Segment Start: Data extracts

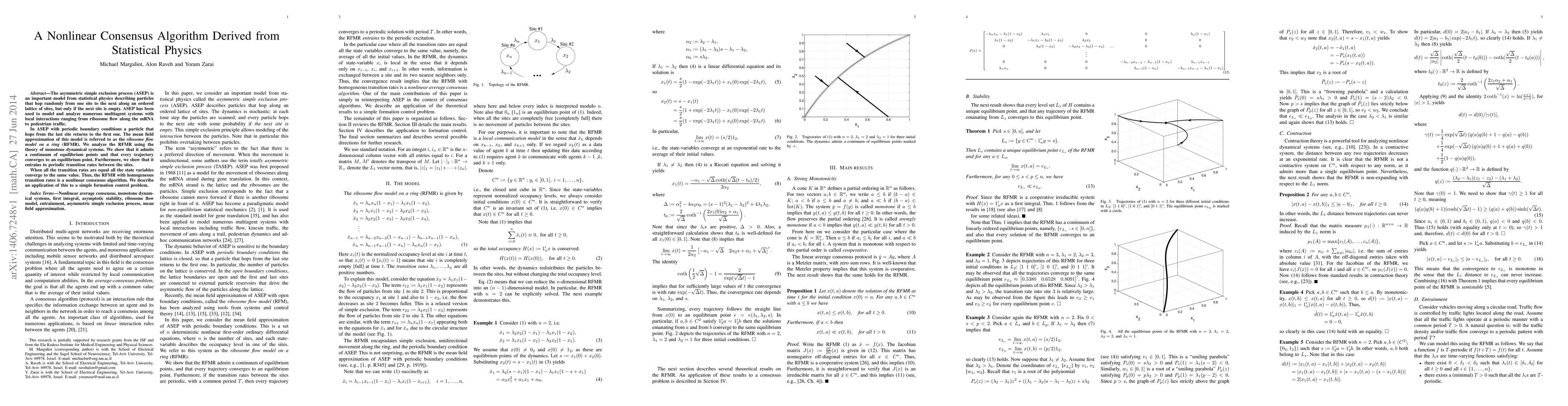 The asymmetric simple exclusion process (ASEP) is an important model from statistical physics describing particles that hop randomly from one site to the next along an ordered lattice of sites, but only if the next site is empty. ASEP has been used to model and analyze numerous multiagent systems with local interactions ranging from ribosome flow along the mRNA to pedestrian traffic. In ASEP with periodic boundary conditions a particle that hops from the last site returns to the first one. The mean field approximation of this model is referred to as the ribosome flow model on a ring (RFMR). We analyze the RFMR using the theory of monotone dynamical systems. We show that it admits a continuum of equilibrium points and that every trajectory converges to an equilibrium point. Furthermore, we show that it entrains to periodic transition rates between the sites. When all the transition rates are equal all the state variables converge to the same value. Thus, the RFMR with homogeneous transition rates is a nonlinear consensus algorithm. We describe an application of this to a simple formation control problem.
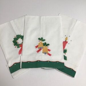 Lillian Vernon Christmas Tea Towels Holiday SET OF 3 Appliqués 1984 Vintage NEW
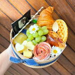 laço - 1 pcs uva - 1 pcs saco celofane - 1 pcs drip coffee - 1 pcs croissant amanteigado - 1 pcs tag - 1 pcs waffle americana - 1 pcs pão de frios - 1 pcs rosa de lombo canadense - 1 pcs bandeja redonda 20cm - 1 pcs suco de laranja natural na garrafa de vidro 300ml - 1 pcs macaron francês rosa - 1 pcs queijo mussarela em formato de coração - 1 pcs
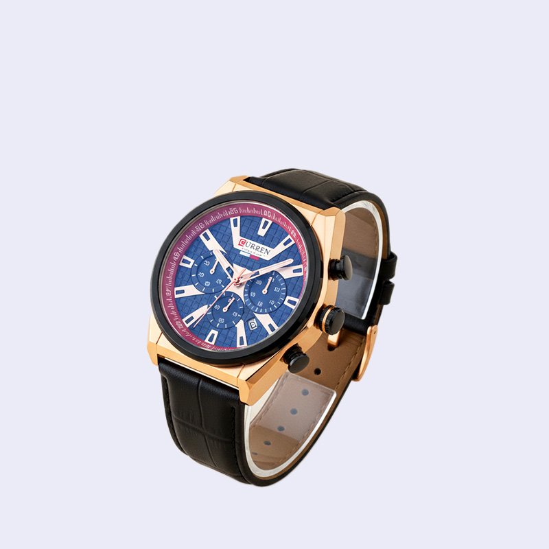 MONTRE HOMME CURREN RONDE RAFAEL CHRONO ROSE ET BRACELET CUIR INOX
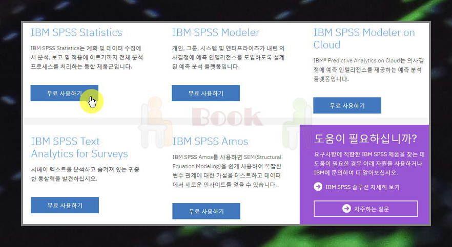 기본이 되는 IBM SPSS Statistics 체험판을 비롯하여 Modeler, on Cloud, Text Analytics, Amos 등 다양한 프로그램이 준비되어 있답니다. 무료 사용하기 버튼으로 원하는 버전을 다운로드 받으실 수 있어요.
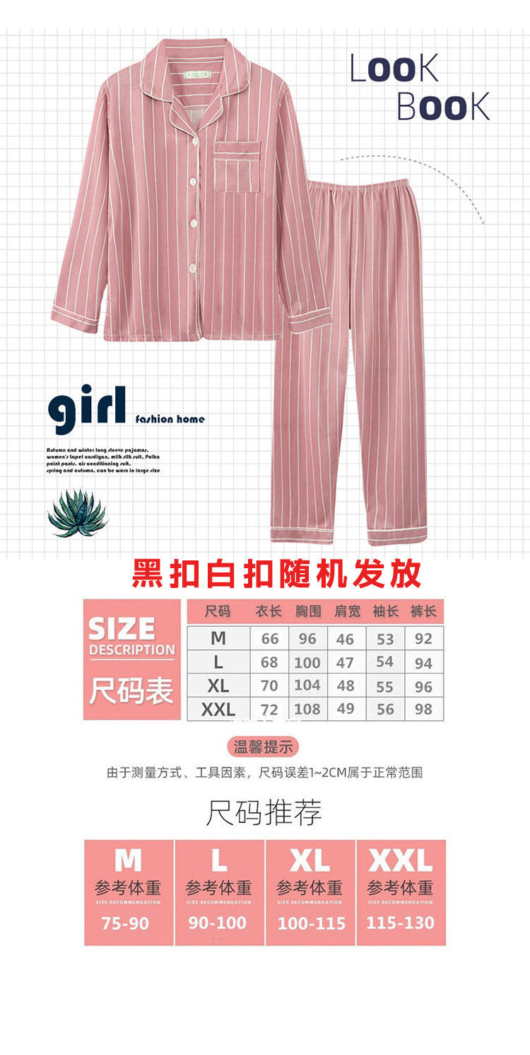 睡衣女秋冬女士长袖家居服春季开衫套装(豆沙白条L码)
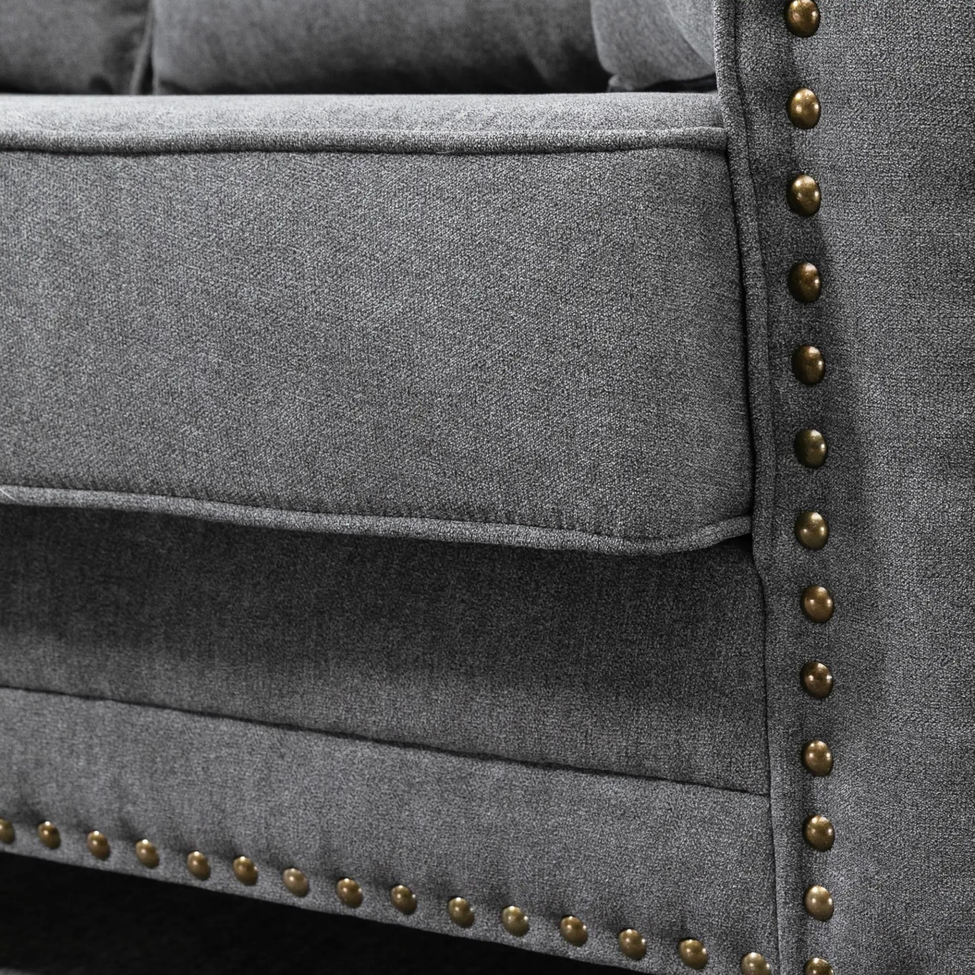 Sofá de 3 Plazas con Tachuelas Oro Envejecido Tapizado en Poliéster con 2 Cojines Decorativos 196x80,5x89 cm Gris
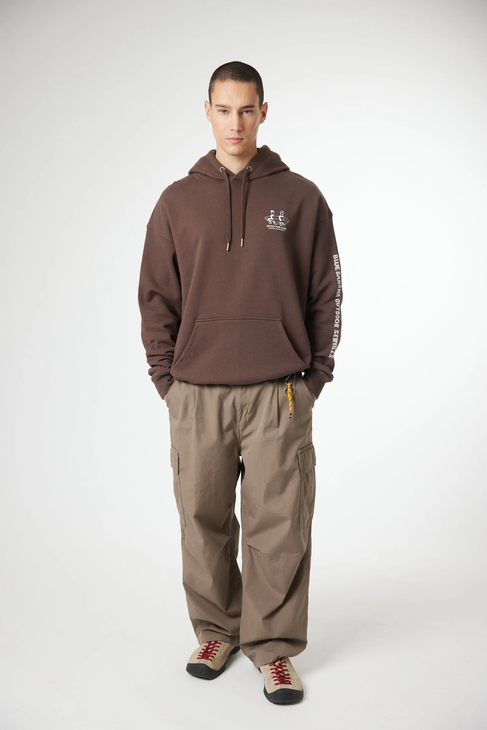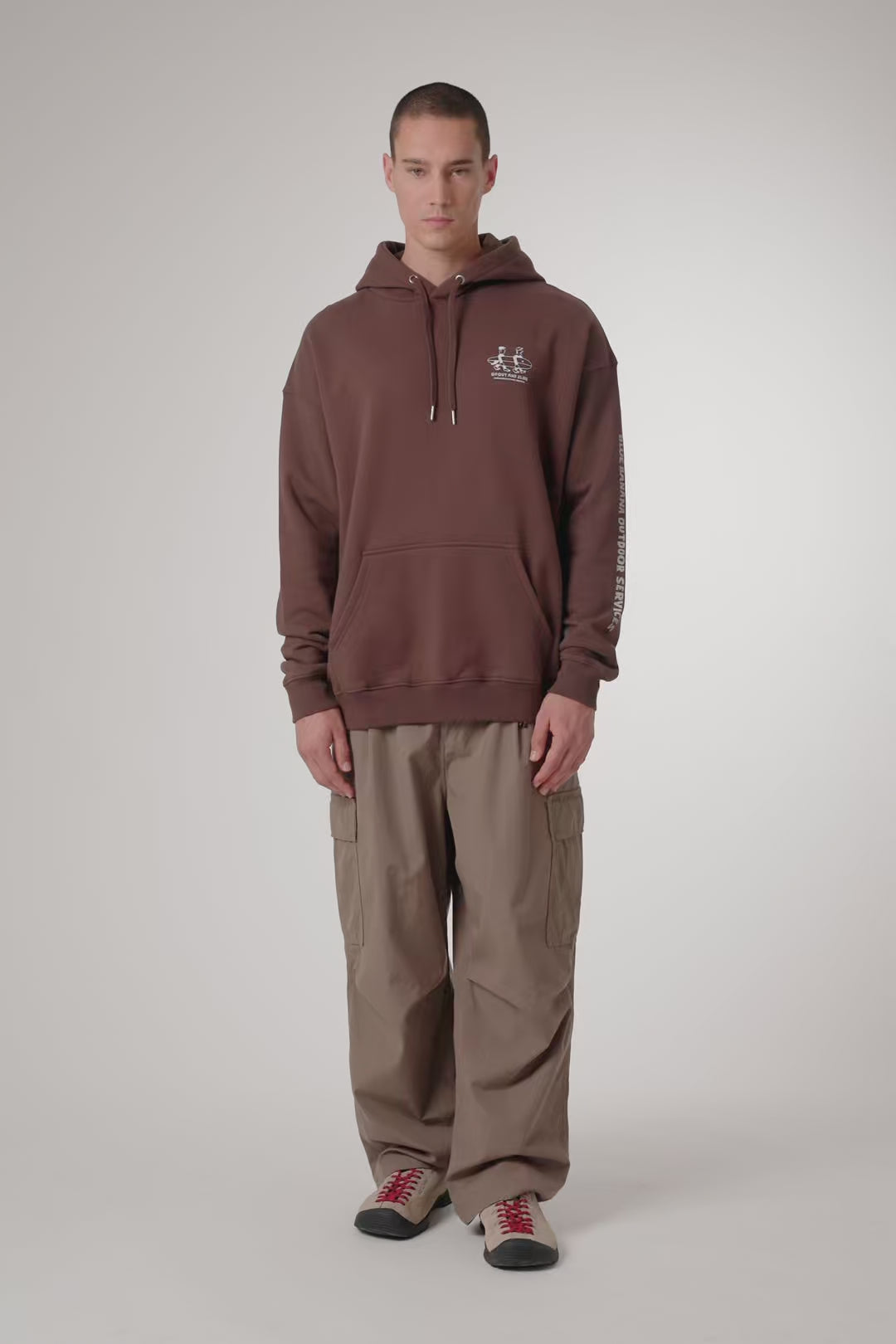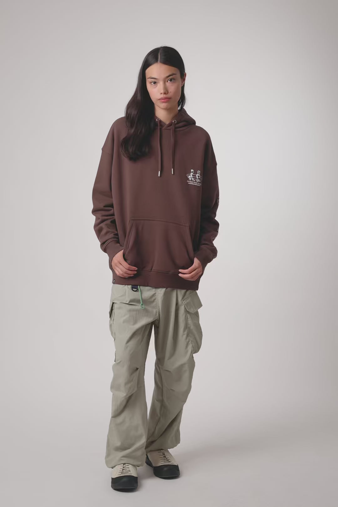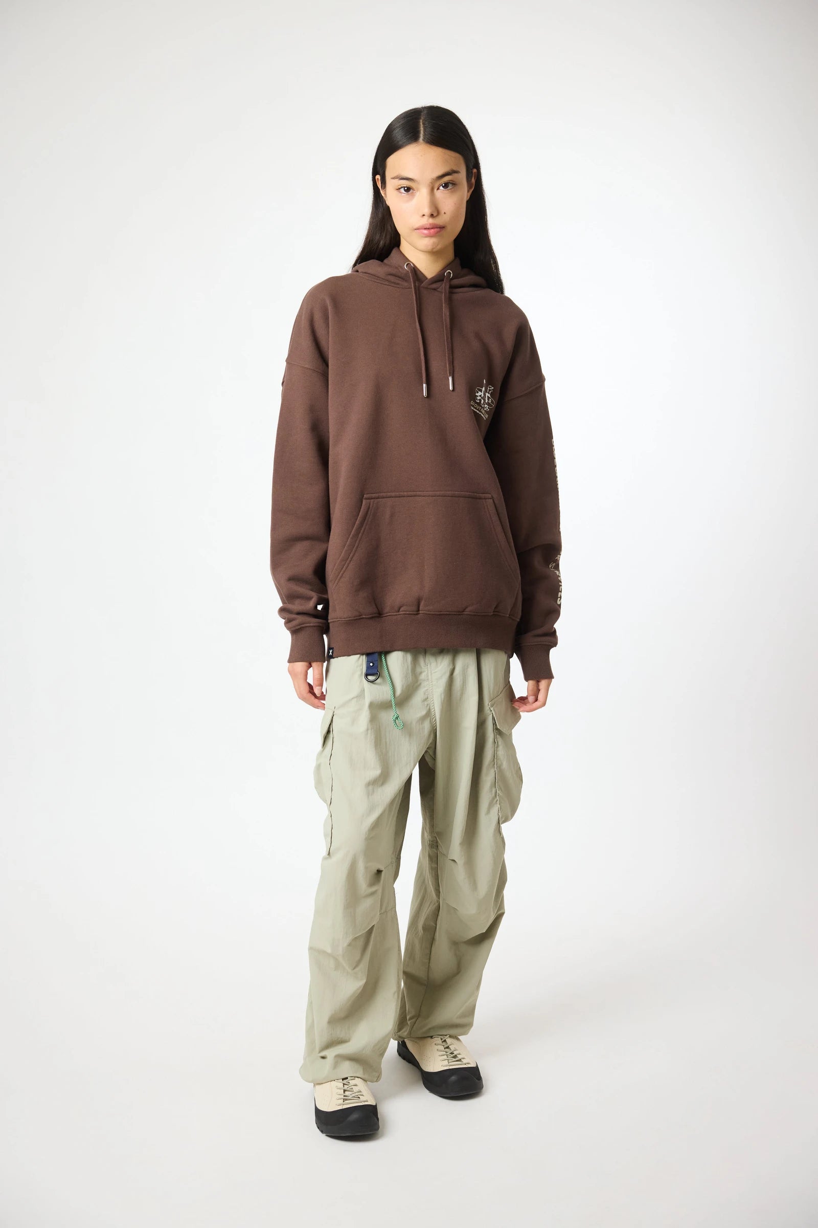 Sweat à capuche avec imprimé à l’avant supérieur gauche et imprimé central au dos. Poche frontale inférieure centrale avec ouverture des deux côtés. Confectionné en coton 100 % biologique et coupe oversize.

Segment End: Data extracts

**Exercise objective**
Give the lines above again exactly, from the one containing "laço - 1 pcs" to the one containing "기본이 되는 IBM SPSS", both included, but leave out the pictures.

**Response for this exercise**
 laço - 1 pcs uva - 1 pcs saco celofane - 1 pcs drip coffee - 1 pcs croissant amanteigado - 1 pcs tag - 1 pcs waffle americana - 1 pcs pão de frios - 1 pcs rosa de lombo canadense - 1 pcs bandeja redonda 20cm - 1 pcs suco de laranja natural na garrafa de vidro 300ml - 1 pcs macaron francês rosa - 1 pcs queijo mussarela em formato de coração - 1 pcs
 MONTRE HOMME CURREN RONDE RAFAEL CHRONO ROSE ET BRACELET CUIR INOX
 기본이 되는 IBM SPSS Statistics 체험판을 비롯하여 Modeler, on Cloud, Text Analytics, Amos 등 다양한 프로그램이 준비되어 있답니다. 무료 사용하기 버튼으로 원하는 버전을 다운로드 받으실 수 있어요.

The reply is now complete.